Set down the line containing "At the hot springs" and each line after it through the last line of the records, exactly, leaving pictures out.

--- Records for the task Enclosed Below ---

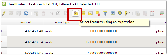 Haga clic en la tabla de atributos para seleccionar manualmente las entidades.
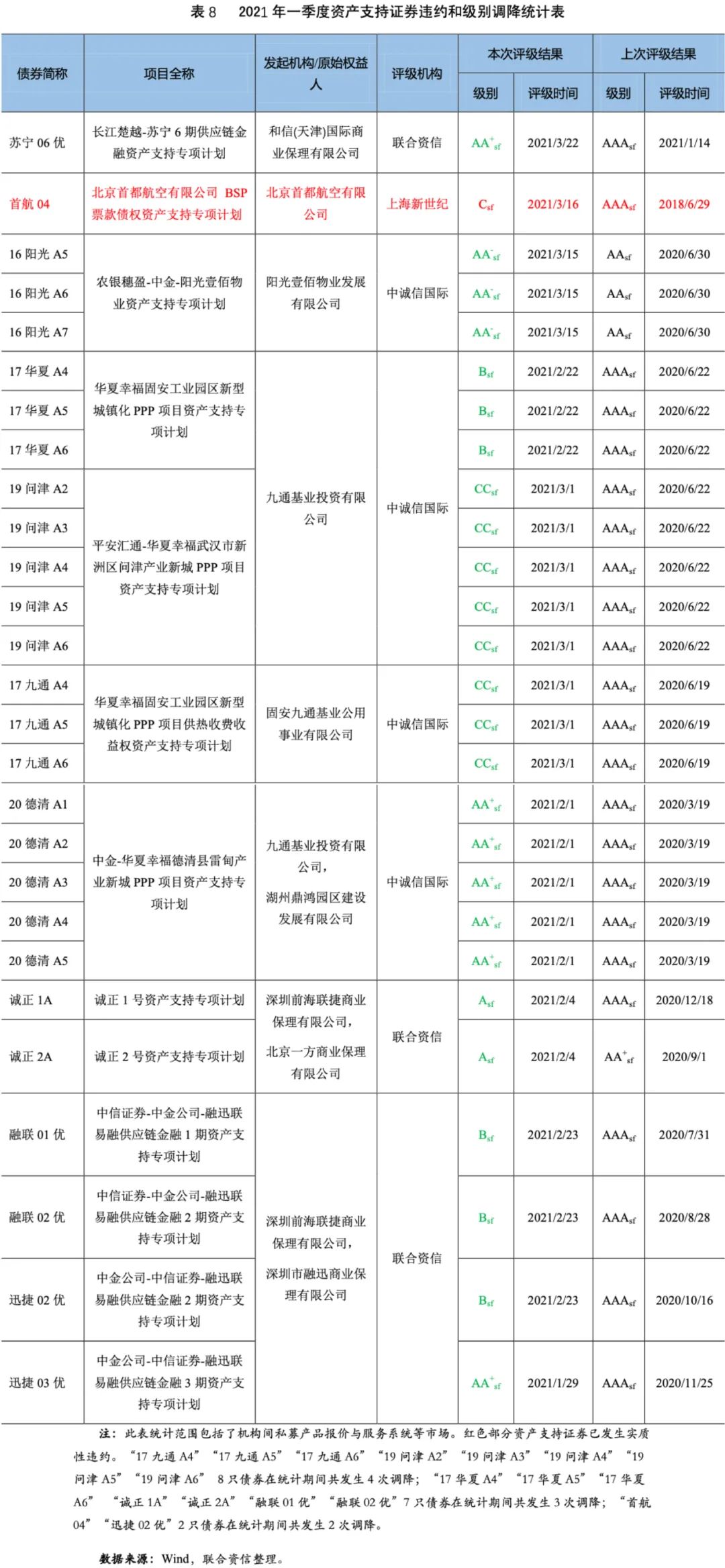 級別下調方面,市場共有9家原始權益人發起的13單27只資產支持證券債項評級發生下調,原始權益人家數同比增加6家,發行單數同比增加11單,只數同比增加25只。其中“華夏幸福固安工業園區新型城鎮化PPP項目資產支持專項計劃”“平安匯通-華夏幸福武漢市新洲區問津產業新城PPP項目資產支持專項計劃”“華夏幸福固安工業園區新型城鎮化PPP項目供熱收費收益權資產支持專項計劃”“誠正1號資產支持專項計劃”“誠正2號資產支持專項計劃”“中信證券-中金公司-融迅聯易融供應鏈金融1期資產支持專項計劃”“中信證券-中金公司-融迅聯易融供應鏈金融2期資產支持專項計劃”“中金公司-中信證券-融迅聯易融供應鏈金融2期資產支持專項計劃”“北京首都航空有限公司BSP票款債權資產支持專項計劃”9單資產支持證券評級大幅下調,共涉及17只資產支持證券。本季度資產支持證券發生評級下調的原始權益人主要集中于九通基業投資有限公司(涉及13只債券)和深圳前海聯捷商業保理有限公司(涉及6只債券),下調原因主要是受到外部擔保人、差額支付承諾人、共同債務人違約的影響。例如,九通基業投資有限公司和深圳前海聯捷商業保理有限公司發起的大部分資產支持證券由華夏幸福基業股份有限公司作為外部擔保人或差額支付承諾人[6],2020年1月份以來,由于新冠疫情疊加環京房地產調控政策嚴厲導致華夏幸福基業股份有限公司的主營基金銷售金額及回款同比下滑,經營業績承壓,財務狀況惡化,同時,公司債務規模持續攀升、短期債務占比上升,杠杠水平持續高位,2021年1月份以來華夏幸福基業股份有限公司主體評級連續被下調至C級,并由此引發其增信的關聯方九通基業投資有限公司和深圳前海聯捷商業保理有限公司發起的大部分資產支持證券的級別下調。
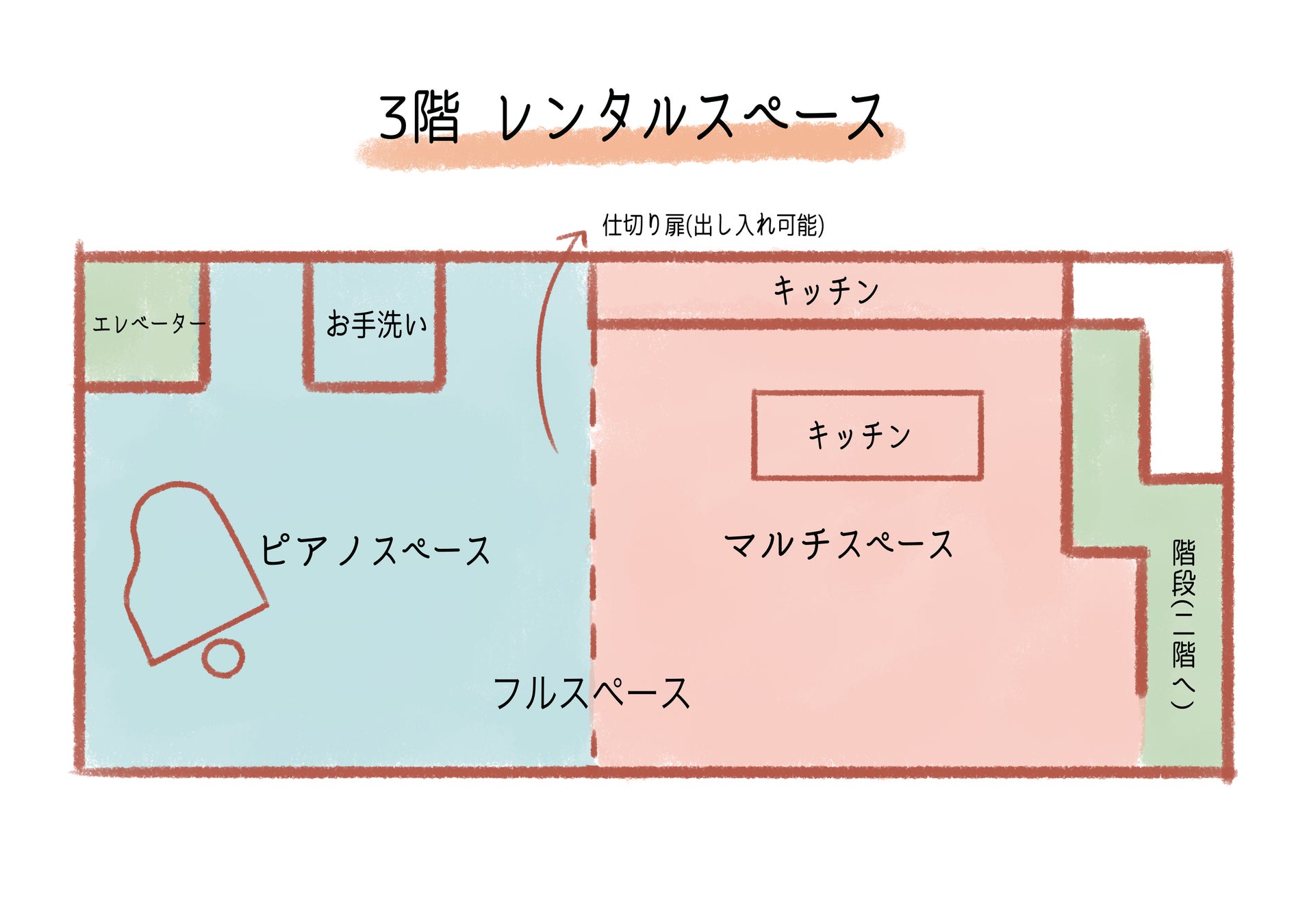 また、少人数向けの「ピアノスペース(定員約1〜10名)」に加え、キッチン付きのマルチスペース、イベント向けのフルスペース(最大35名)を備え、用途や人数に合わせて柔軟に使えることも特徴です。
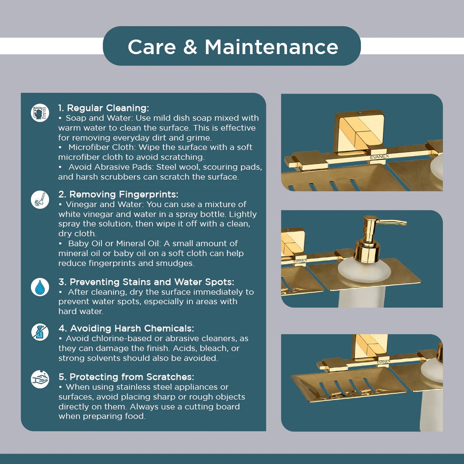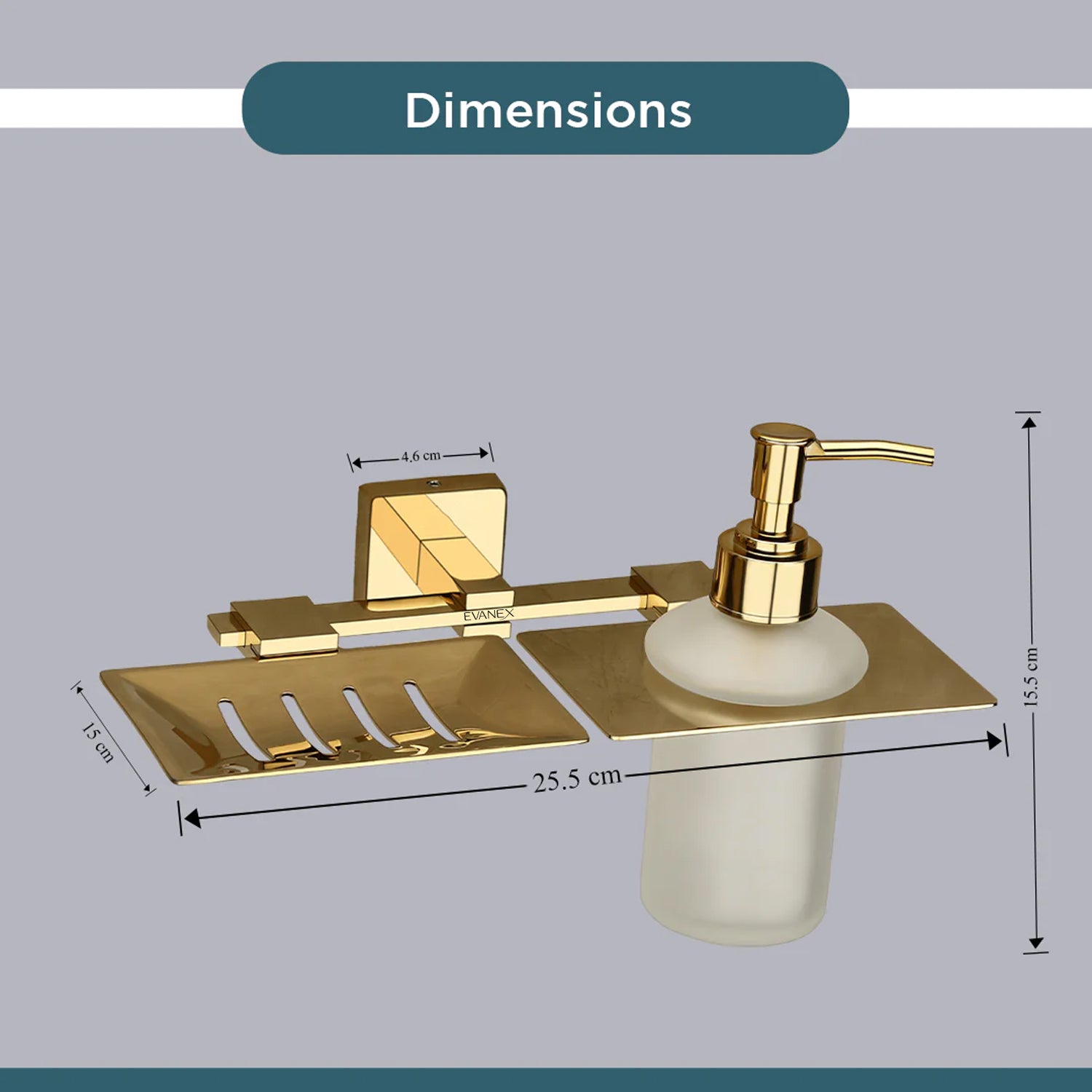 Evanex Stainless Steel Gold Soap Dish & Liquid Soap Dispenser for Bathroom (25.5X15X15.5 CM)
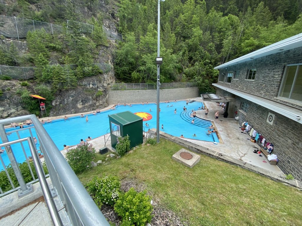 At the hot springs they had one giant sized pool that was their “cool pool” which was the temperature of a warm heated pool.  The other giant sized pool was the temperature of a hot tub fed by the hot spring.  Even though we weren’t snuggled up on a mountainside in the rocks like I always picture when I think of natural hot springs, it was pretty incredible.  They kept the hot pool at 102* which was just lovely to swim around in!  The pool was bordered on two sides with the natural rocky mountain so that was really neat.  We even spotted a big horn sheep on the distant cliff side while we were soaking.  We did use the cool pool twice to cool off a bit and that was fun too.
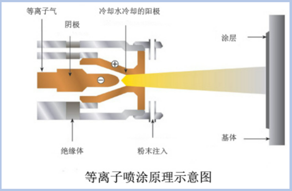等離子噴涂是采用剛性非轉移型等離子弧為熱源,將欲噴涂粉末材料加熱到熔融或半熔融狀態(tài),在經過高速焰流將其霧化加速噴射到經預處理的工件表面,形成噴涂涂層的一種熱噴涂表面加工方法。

--- End of Enclosed Records for the task ---

**Exercise output:**
 At the hot springs they had one giant sized pool that was their “cool pool” which was the temperature of a warm heated pool.  The other giant sized pool was the temperature of a hot tub fed by the hot spring.  Even though we weren’t snuggled up on a mountainside in the rocks like I always picture when I think of natural hot springs, it was pretty incredible.  They kept the hot pool at 102* which was just lovely to swim around in!  The pool was bordered on two sides with the natural rocky mountain so that was really neat.  We even spotted a big horn sheep on the distant cliff side while we were soaking.  We did use the cool pool twice to cool off a bit and that was fun too.
等離子噴涂是采用剛性非轉移型等離子弧為熱源,將欲噴涂粉末材料加熱到熔融或半熔融狀態(tài),在經過高速焰流將其霧化加速噴射到經預處理的工件表面,形成噴涂涂層的一種熱噴涂表面加工方法。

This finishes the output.